The evidence of this search is all around us. How different would Ireland look if people heard and understood that God offers mercy, love, grace and life? This is the message that God has entrusted his church with – the message of new life full of God and fulfilled in him. It is a message with the potential to breathe new life into spiritually dead places.
New people
In our changing Ireland, increasing in multi-culturalism and secularism, more people than ever are disconnected from the church and have never heard this gospel of salvation. More people than ever do not know the truth that God loved them so much that he sent his Son to die for them. When we reach out, we’re no longer reaching out to ‘first-generation unchurched’, we’re reaching out to people who have minimal knowledge of God, and often minimal interest in him.
We’re not primarily called to do this reaching out in an isolated situation, but as the church. Carnmoney Presbyterian Church has recently started a pop-up church along with other community activities in Ballyduff, a loyalist housing estate, as a means to connect with people with no previous church association. Members are going to where the people are at, rather than expecting the people to come to them.
New places
It goes without saying that new life and new people can happen in places where established churches have been for many years, but it also has to happen in new places, places where there is no other witness.
One of the advantages of a church plant is that it’s often not tied to a building – it can start where the people are and where it is needed. And often that isn’t in a stone building with a steeple. It could be a coffee shop, a school, a shopping centre, or a cinema.
What if ‘places’ doesn’t just mean geographical places, but spiritual, emotional, traditional, cultural places? In Lurgan, members of a large church recognised that they were not reaching their immediate neighbours. As a result, a team from the church has been regularly picking up litter in the area for the past year. This act of service has helped to build relationships with a number of local households and the church plans to run a course exploring faith in a neutral local school.
A time to plant
We need new expressions of church to introduce new people in new places to new life in Christ. Maybe you’ve long since realised that, but maybe you don’t know what to do with that realisation or what your part in it is. Attending the conference may be the perfect starting point to give you an opportunity to explore that.

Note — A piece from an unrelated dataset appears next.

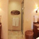 Suite 4: Bedroom with a king-size bed (can be made up as two single beds), walk-in closets, dressing table, bar, private verandah connecting door with bedroom 5 and shared bathroom (with Bedroom 5) with shower, vanity and WC. 2 guests maximum.
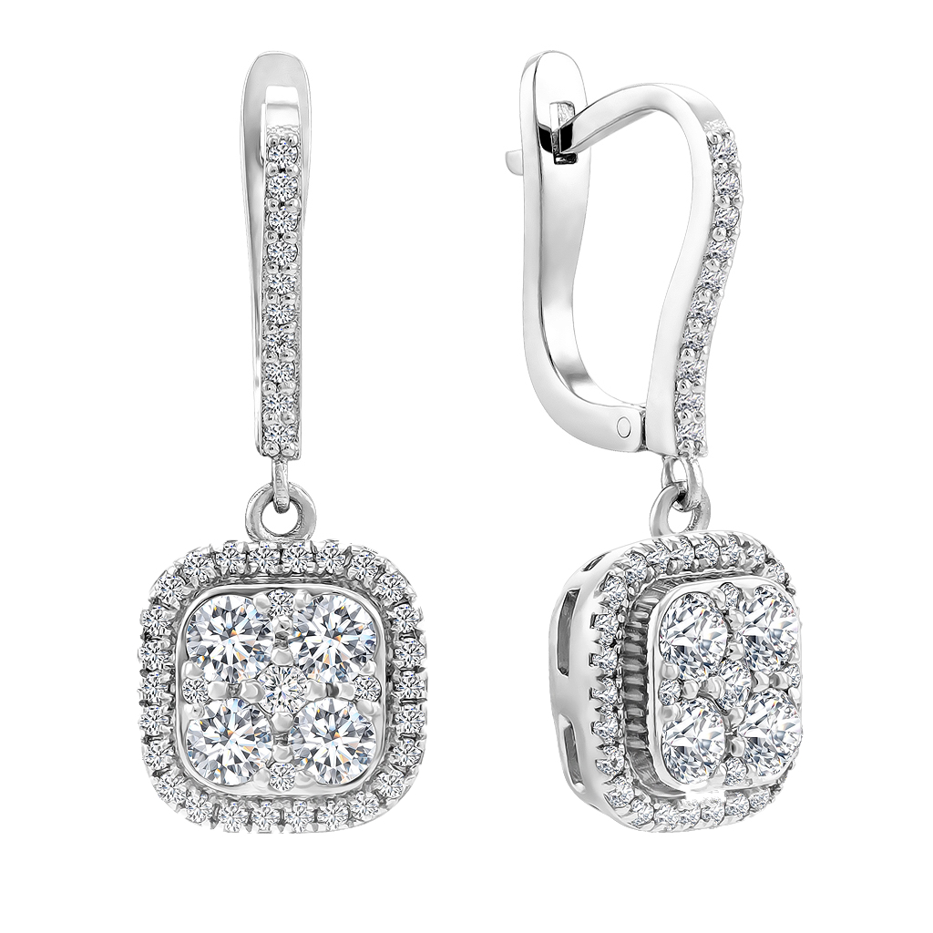 Золотые серьги с бриллиантами всегда в тренде. Эта модель состоит из тонкого основания и подвески квадратной формы с закругленными углами. Центральная часть площадки приподнята и украшена круглыми бриллиантами разного размера, по периметру их дополняют более мелкие бриллианты круглой огранки. Основание тоже украшено бриллиантами, что придает серьгам более праздничный вид. Всего в этой паре серег 80 сверкающих камней. Размер подвески 9х9 мм, высота площадки 4 мм, длина основания 10 мм, штифт 10 мм.

As well as hearing from Scotty in the main sessions, there will be three breakout sessions, which will allow you to hear more stories of what God is doing around Ireland. These sessions will be opportunities to dig deeper into your own context, determining where you’re at, where you’re going and how you might get there.
This is a conference for anyone with an inkling of interest in church planting, no matter where you are on that journey. Whether you want to find out more about these stories of church planting in Ireland, whether you want to know how you can support and pray for those involved, whether you want to get stuck in or whether you want to explore if God could be calling you to church planting, you are welcome.